Allah –subhanahu wa ta’ala- berfirman:
( وَعَاشِرُوهُنَّ بِٱلْمَعْرُوفِ ) النساء/19(
“Dan bergaullah dengan mereka secara patut”. (QS. An Nisa’: 19)
Ibnu Katsir berkata:
“Yaitu; bangunlah komunikasi yang baik dengan mereka (para istri), perbaikilah perbuatan dan penampilan kalian sesuai kemampuan kalian, sebagaimana yang kalian harapkan dari istri kalian. Maka berbuatkah sebagaimana yang istri anda perbuat. Sebagaimana firman Allah –ta’ala-:
( وَلَهُنَّ مِثْلُ ٱلَّذِى عَلَيْهِنَّ بِٱلْمَعْرُوفِ ) البقرة: 228
“Dan para wanita mempunyai hak yang seimbang dengan kewajibannya menurut cara yang ma`ruf”. (QS. Al Baqarah: 228)
Rasulullah –shallallahu ‘alaihi wa sallam- bersabda:
خيركم خيركم لأهله ، وأنا خيركم لأهلي ) صححه الألباني في "السلسلة الصحيحة" 285(
“Sebaik-baik kalian adalah yang paling baik kepada keluarganya, dan saya sebaik-baik kalian kepada keluarga saya”. (dishahihkan oleh al Baani dalam “Silsilah Shahihah” 285)
(Tafsir Ibnu Katsir: 1/477)
Kedua:
Adapun pengusiran suami anda terhadap ibu anda, ia sudah minta maaf.
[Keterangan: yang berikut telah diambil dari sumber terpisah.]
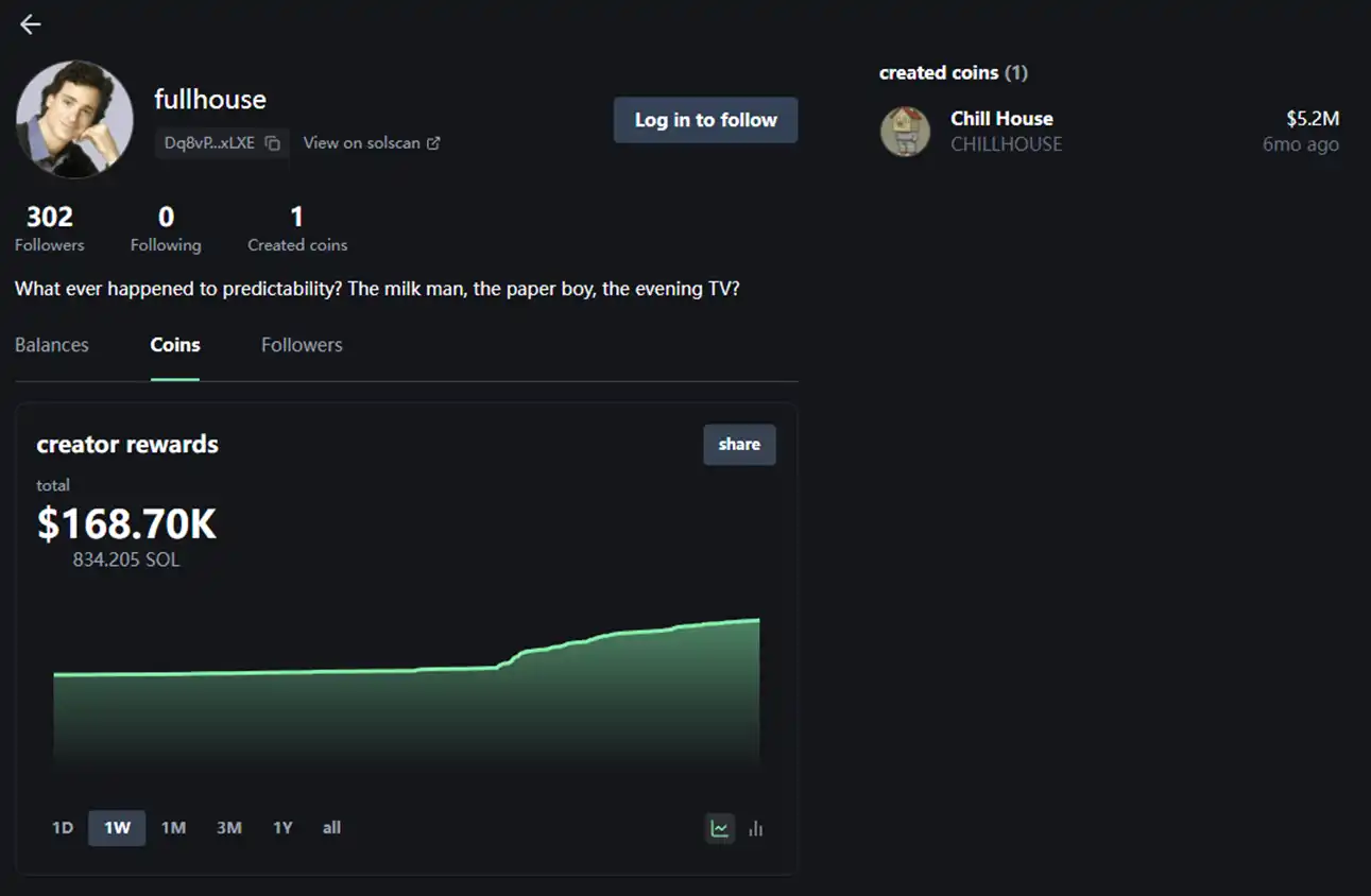 Fast forward six months, this idea has generated nearly $169,000 in creator income. An interesting idea, creating a meme coin, has yielded over a million RMB, which is truly the magic of Web3.

Dan selayaknya bagi seseorang yang dimintai maaf oleh saudaranya, ia memaafkannya.
Dan hendaklah anda ketahui, bahwa seorang wanita yang sudah menikah, taat kepada suami harus didahulukan dari pada taat kepada bapak dan ibunya. Seorang suami seharusnya tidak mendahulukan seorang pun atas ibunya dalam hal berbakti, dan seorang istri tidak selayaknya mendahulukan seorang pun atas suaminya dalam hal ketaatan; hal ini karena besarnya hak suami terhadap istri. Dan saking besarnya hak suami terhadap istri, hampir saja syari’ah ini menyuruh seorang istri bersujud kepada suaminya, hanya saja tidak dibolehkan bagi seseorang bersujud kepada sesame manusia.
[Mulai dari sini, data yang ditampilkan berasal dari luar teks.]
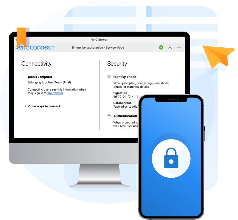 RealVNC Connect 具有企业级安全性,可抵御外部威胁。我们将每个连接视为源自恶意环境。为防止未经请求的访问,传入连接必须始终获得最终用户设备的授权。为确保完全隐私,会话始终采用高达 256 位 AES 的端到端加密。

Suami tidak boleh melarang keluarga istrinya untuk mengunjungi anak mereka; kecuali jika dihawatirkan akan merusak dan mempengaruhinya untuk melakukan nusyuz (tidak taat pada suami), maka suami pada saat itu boleh melarangnya datang.
Ketiga:
Anda telah melakukan kesalahan dua kali, dan perbuatan anda bertentangan dengan ketentuan agama.
Kesalahan pertama : anda keluar dari rumah tanpa izin suami.
Kesalahan kedua : anda bepergian tidak dengan mahram.
Adapun keluar rumah tanpa izin suami termasuk yang diharamkan, bahkan Allah –ta’ala- melarang wanita yang dicerai suaminya dengan talak raj’i (talak yang masih bisa rujuk) agar tidak keluar rumahnya, bagaimana jika seorang istri yang dicerai saja belum. Allah –subhanahu wa ta’ala- berfirman:
( يَا أَيُّهَا النَّبِيُّ إِذَا طَلَّقْتُمُ النِّسَاءَ فَطَلِّقُوهُنَّ لِعِدَّتِهِنَّ وَأَحْصُوا الْعِدَّةَ وَاتَّقُوا اللَّهَ رَبَّكُمْ لا تُخْرِجُوهُنَّ مِنْ بُيُوتِهِنَّ وَلا يَخْرُجْنَ إِلا أَنْ يَأْتِينَ بِفَاحِشَةٍ مُبَيِّنَةٍ وَتِلْكَ حُدُودُ اللَّهِ وَمَنْ يَتَعَدَّ حُدُودَ اللَّهِ فَقَدْ ظَلَمَ نَفْسَهُ ) الطلاق/1 (
“Hai Nabi, apabila kamu menceraikan isteri-isterimu maka hendaklah kamu ceraikan mereka pada waktu mereka dapat (menghadapi) iddahnya (yang wajar) dan hitunglah waktu iddah itu serta bertakwalah kepada Allah Tuhanmu. Janganlah kamu keluarkan mereka dari rumah mereka dan janganlah mereka (diizinkan) ke luar kecuali kalau mereka mengerjakan perbuatan keji yang terang. Itulah hukum-hukum Allah dan barangsiapa yang melanggar hukum-hukum Allah, maka sesungguhnya dia telah berbuat zalim terhadap dirinya sendiri”. (QS. Ath Thalaq: 1)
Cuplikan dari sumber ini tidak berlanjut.